WHAT THE TASK REQUIRES
Exactly as they stand, copy the lines from the one containing "кращої команди України" to the final line of the data; leave out the pictures.

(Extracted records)
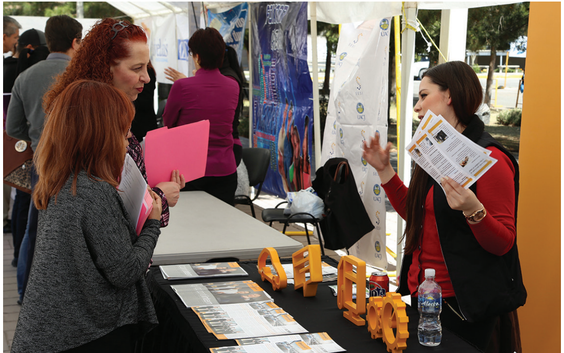
Asistentes a la FERIA del Empleo.

Entre las empresas que estuvieron ofertando puestos de trabajo estuvieron Grupo Cementos de Chihuahua, Datamark, Bosch, Smart, Genpact, Sura, Valeo, Foxconn, Seguros Monterrey, Xerox, Continental, Liverpool, Deloitte, PWC, Cinépolis y otras.
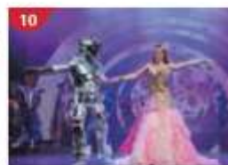
Zodiac Theatre Enjoy live production shows from the acclaimed award-winning entertainment team.

**เรือจะมีใบแจ้งสถานที่และเวลาที่ห้องพักของท่านเพื่อนให้ท่านรับหนังสือเดินทางคืน
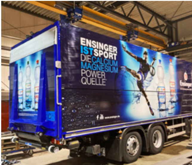
Vollfolierung von LKW-Anhängern der Firma Ensinger
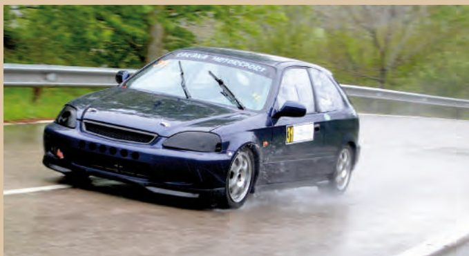
31 Israel Conde
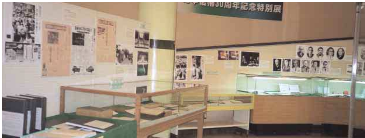
宮古移動展（平良市総合博物館）
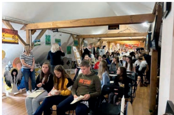
Uczestnicy musieli zmierzyć się z pytaniami dotyczącymi historii miejscowości z terenu gminy
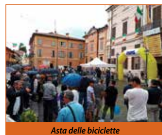
Asta delle biciclette
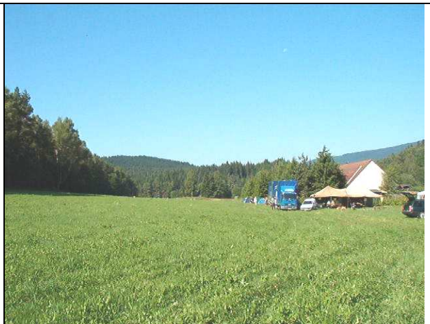
Od hranice lesa k domu č. 24 je to cca 100m.
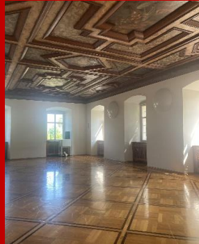
Refektorium im Benediktinerkolleg, heute städtische „Grundschule Altes Konvikt“
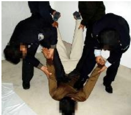
酷刑演示: 毒打 (“推”、“掰”、“撮”)
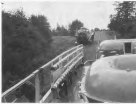
Auf einem „Rollberg“ des Oberländischen Kanals.

Die eindrucksvollste Fahrt auf dem Oberländischen Kanal, einem der drei Weltwunder Ostpreußens, eröffnete eine mir bislang unbekannte Technik von Schiffshebekunst. Von Buchwalde abwärts bis Elbing wurde unser kleines Schiff mit seinen 50 Passagieren mittels der alten, gut in Stand gehaltenen, vom Wasser angetriebenen Seilzugtechnik in den fünf Hebestufen auf Schienen über Land gezogen, um fast 100 Meter Höhenunterschied zu überwinden. Die Leistung wurde von den ansässigen Landwirten 1872 zum 50. Berufsjubiläum für Georg Jacob Steenke, dem Konstrukteur und Erschließer dieser Güterverkehrsstraße nach Elbing, auf einem Obelisk in Buchwalde an der geeigneten Ebene gewürdigt. Nach 1945 flachgelegt, haben wohl Touristen die heutigen Betreiber dieser Anlage genügend deutlich darauf aufmerksam gemacht, damit der Gedenkstein wieder aufgestellt wird, um auch heutige Besucher auf den genialen Erfinder hinzuweisen.
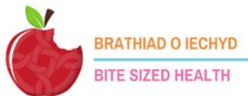
Ffigur 7: Cnoi Cil ar Iechyd, BIPBC, 2023.
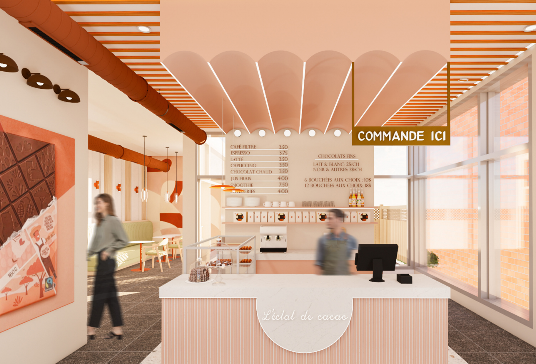
comptoir de réception
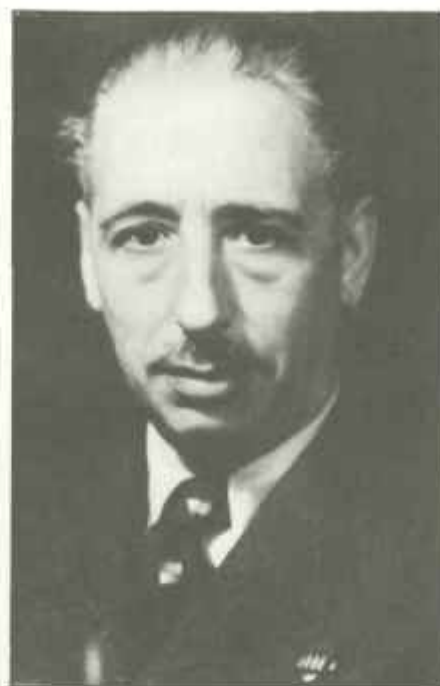
Lluís Companys, gobernador designado por Macià.
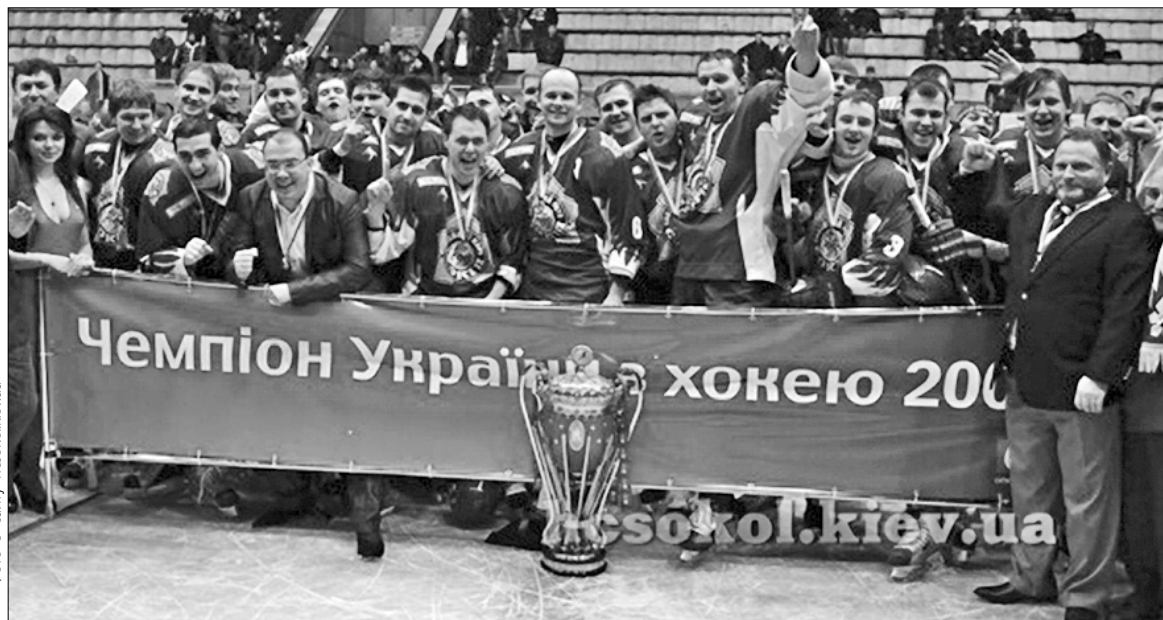
Хокеїсти київського “Сокола” святкують здобуття одинадцятого в історії титулу кращої команди України

Сімнадцятий за ліком чемпіонат України з хокею зібрав рекордну кількість команд — тринадцять. Їх могло бути на дві більше, але хокейні клуби “Луцьк” і “Рівне” відмовилися від участі в першості. Учасників змагань було розбито на три дивізіони: центральний (п’ять команд), західний (три) та східний (п’ять), у яких спочатку зіграли матчі регулярного чемпіонату. Після його закінчення клуби західного і східного дивізіонів провели матчі першого і другого кваліфікаційних раундів, за результатами
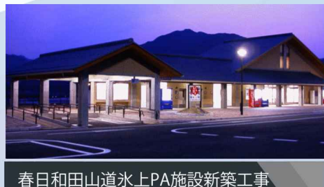
春日和田山道氷上PA施設新築工事

RESPONSE TO THE EXERCISE
Хокеїсти київського “Сокола” святкують здобуття одинадцятого в історії титулу кращої команди України

Сімнадцятий за ліком чемпіонат України з хокею зібрав рекордну кількість команд — тринадцять. Їх могло бути на дві більше, але хокейні клуби “Луцьк” і “Рівне” відмовилися від участі в першості. Учасників змагань було розбито на три дивізіони: центральний (п’ять команд), західний (три) та східний (п’ять), у яких спочатку зіграли матчі регулярного чемпіонату. Після його закінчення клуби західного і східного дивізіонів провели матчі першого і другого кваліфікаційних раундів, за результатами
春日和田山道氷上PA施設新築工事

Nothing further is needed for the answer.